*The task*
Lines from the one containing "旗舰店的门口有茅台的酒瓶和卡" through the end of the listing are what is wanted, given again exactly with both ends included and pictures left out.

--- Given data ---

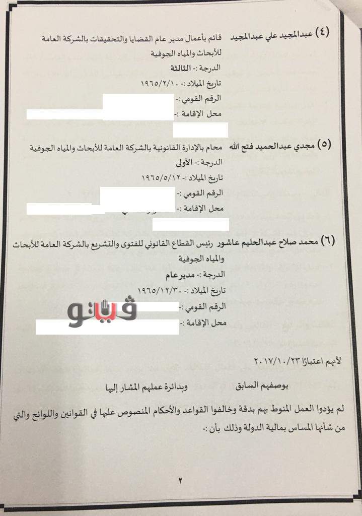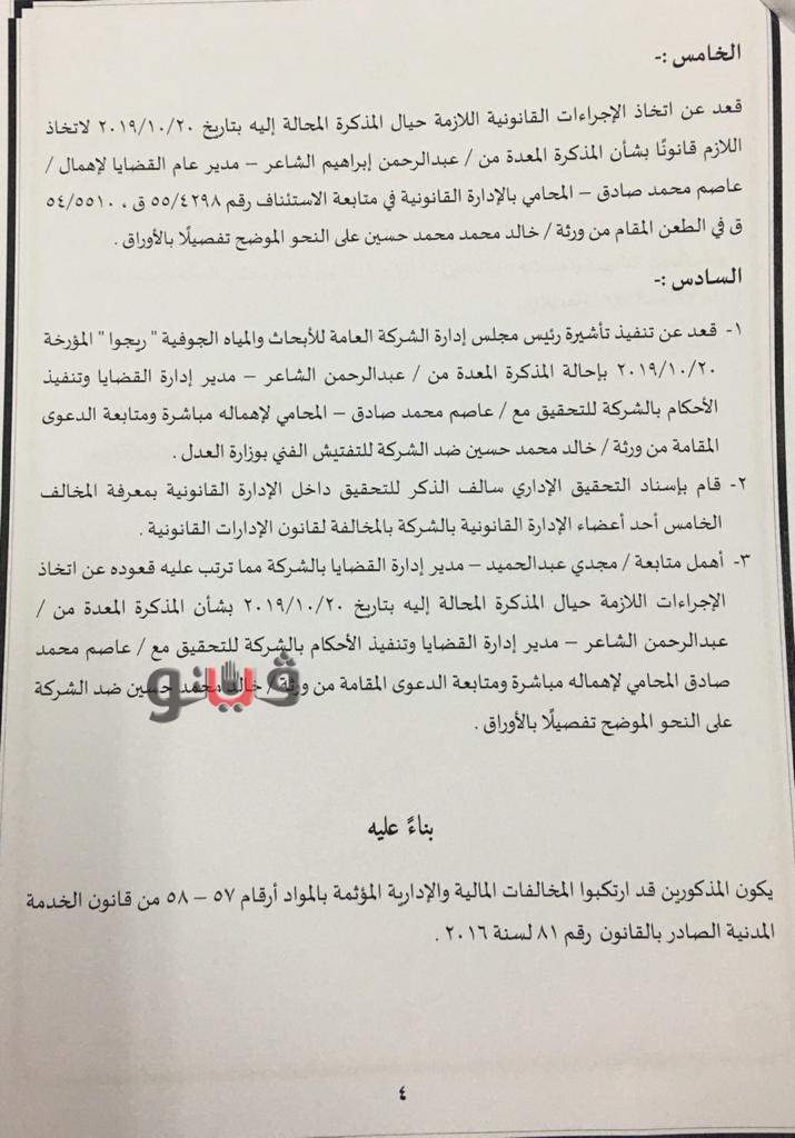 قررت وزارة العدل في القضية رقم 23 لسنة 63 قضائية عليا إحالة رئيسي القطاع القانوني الحالي والسابق ومديري القضايا ومحاميين بالشركة العامة للأبحاث والمياة الجوفية "ريجوا" للمحاكمة التأديبية العاجلة لرتكابهم مخالفات مالية وإدارية وقانونية.
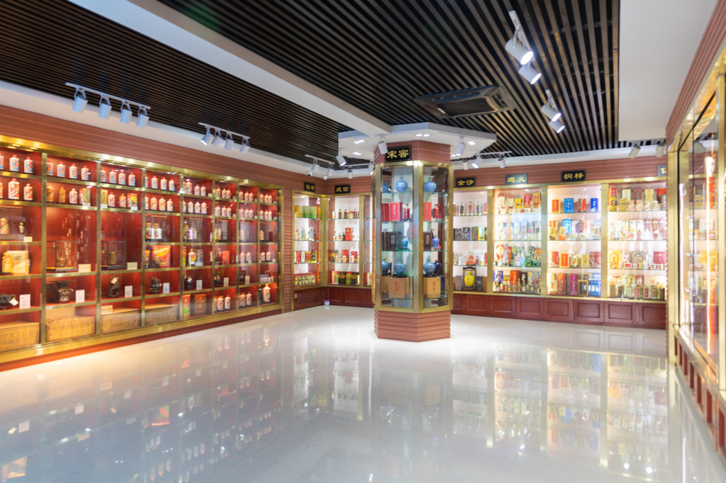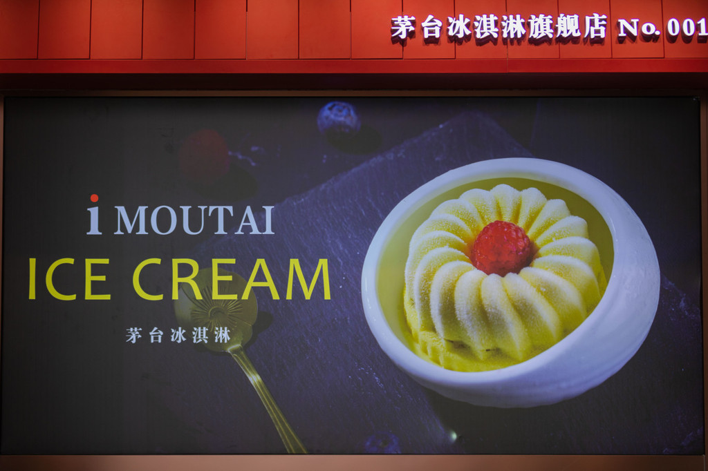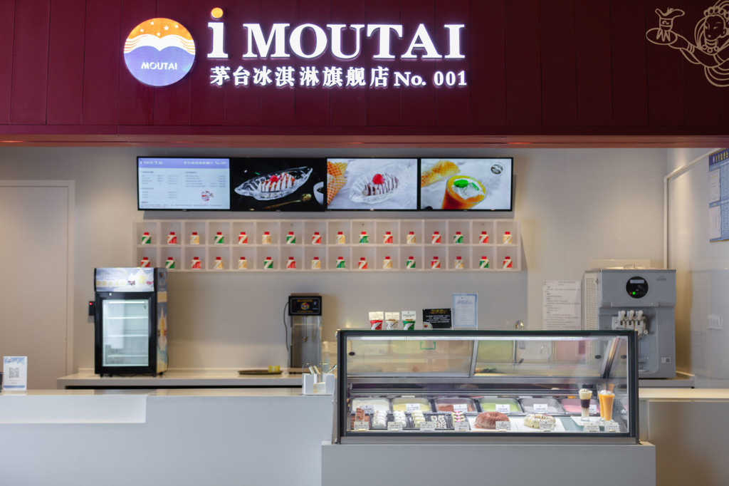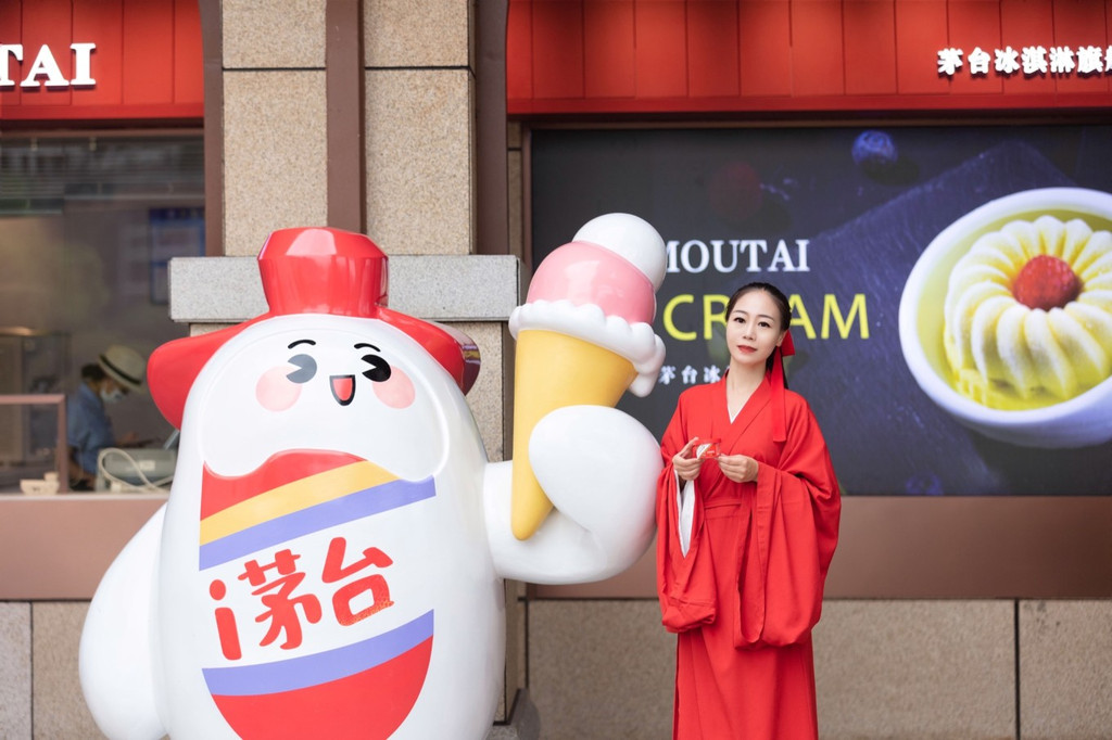 旗舰店的门口有茅台的酒瓶和卡通玩偶,可以与它们一起合影,然后在窗口买一款自己喜欢的冰淇淋。
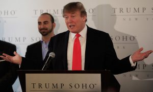 Donald Trump speaks to reporters before cutting a ribbon at Trump Soho in April 2010.Jessica Rinaldi/Reuters The Trump SoHo hotel and condo...
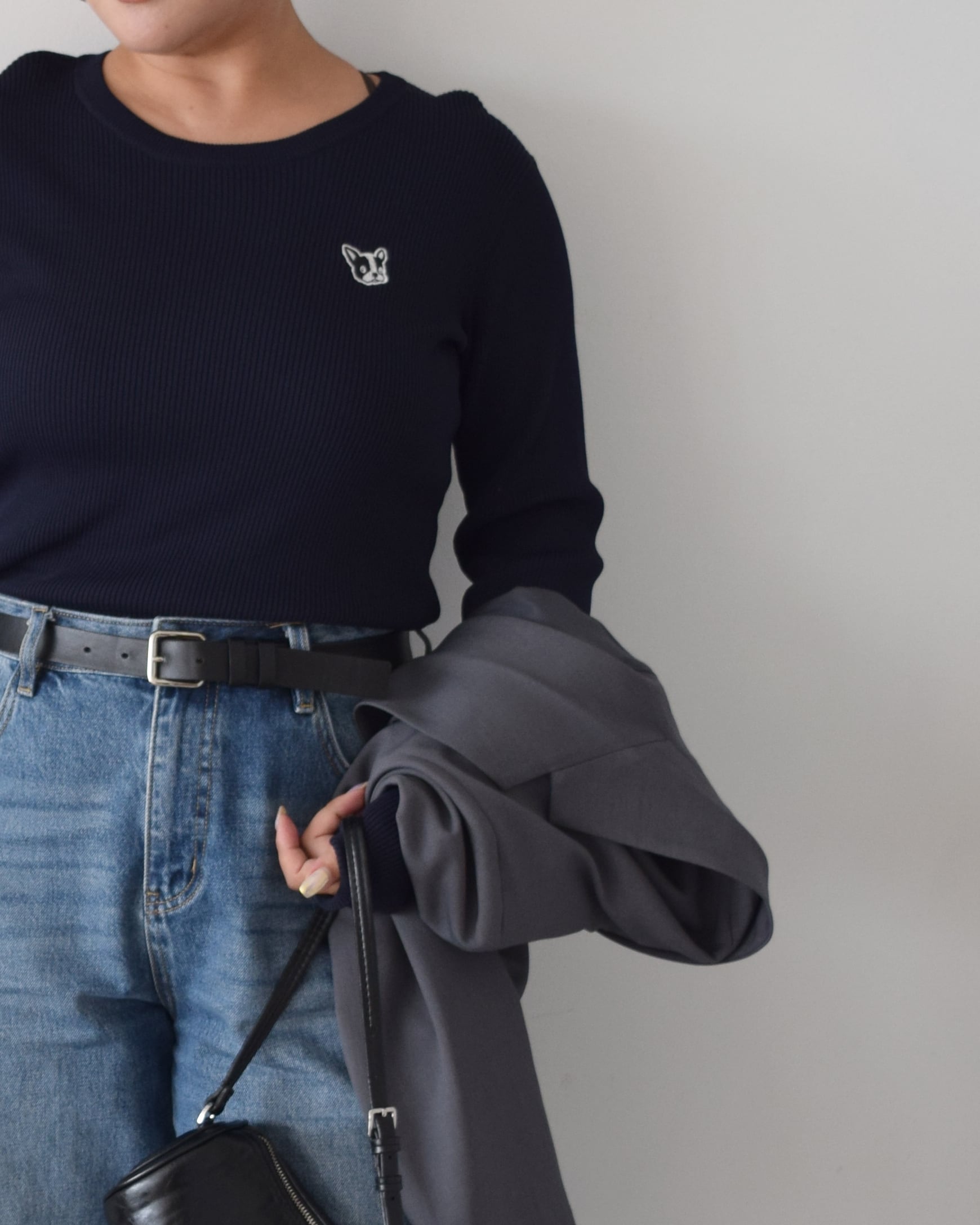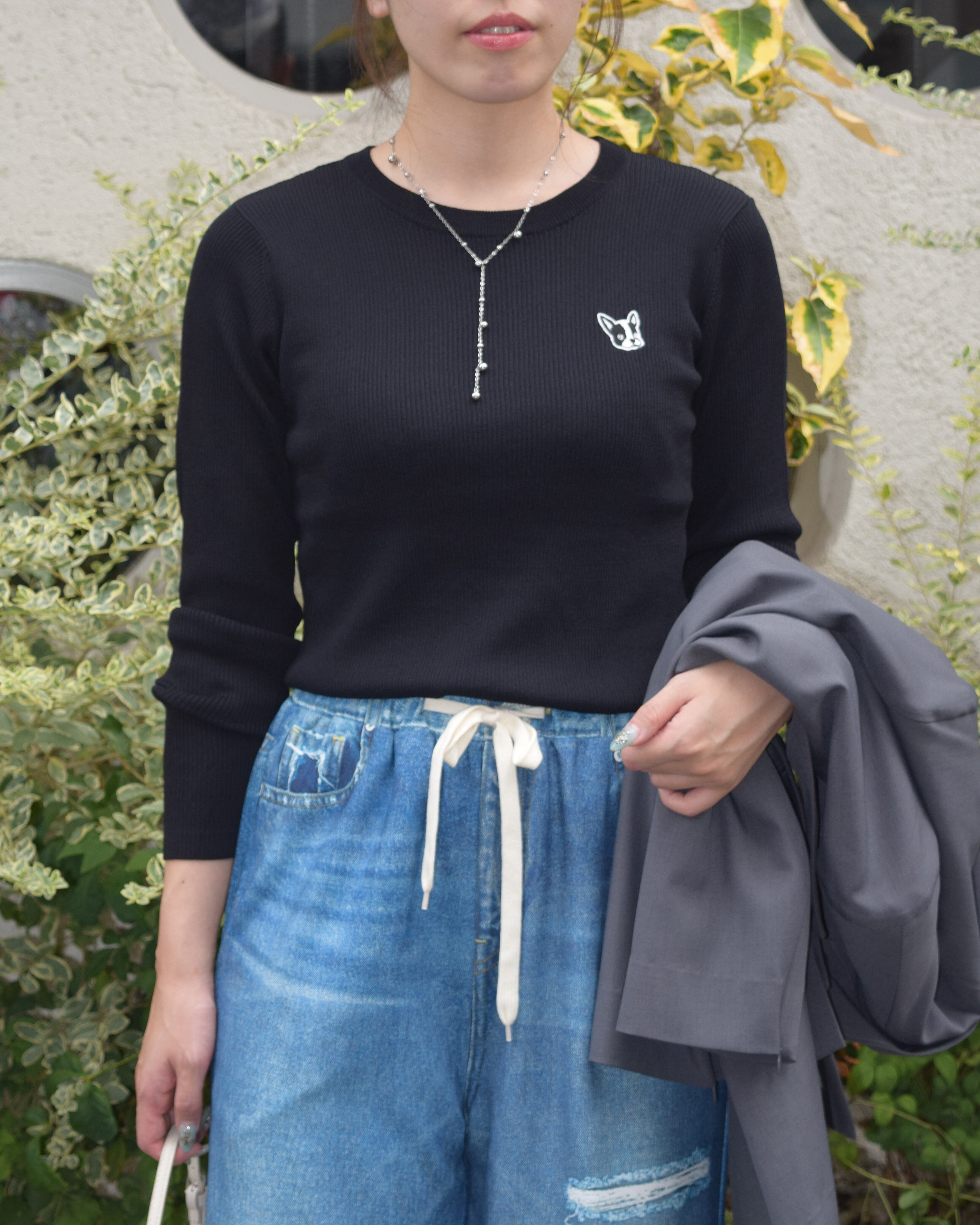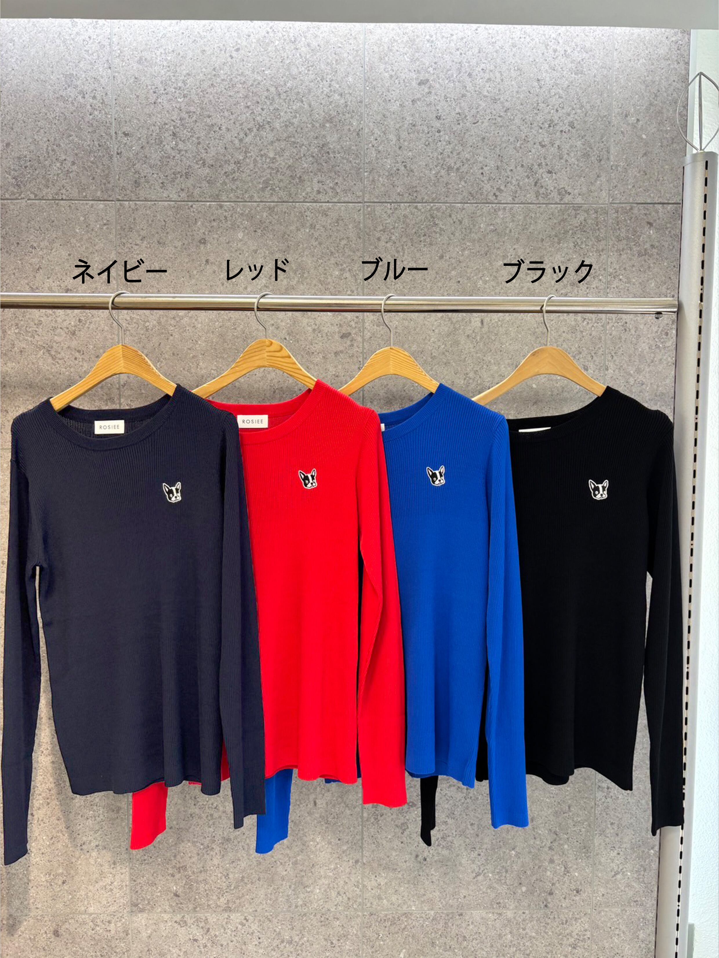 ROSIEEオリジナルのフレンチブルドックの刺繍がポイントになったリブニット。

---

*Written solution*
 旗舰店的门口有茅台的酒瓶和卡通玩偶,可以与它们一起合影,然后在窗口买一款自己喜欢的冰淇淋。
 Donald Trump speaks to reporters before cutting a ribbon at Trump Soho in April 2010.Jessica Rinaldi/Reuters The Trump SoHo hotel and condo...
 ROSIEEオリジナルのフレンチブルドックの刺繍がポイントになったリブニット。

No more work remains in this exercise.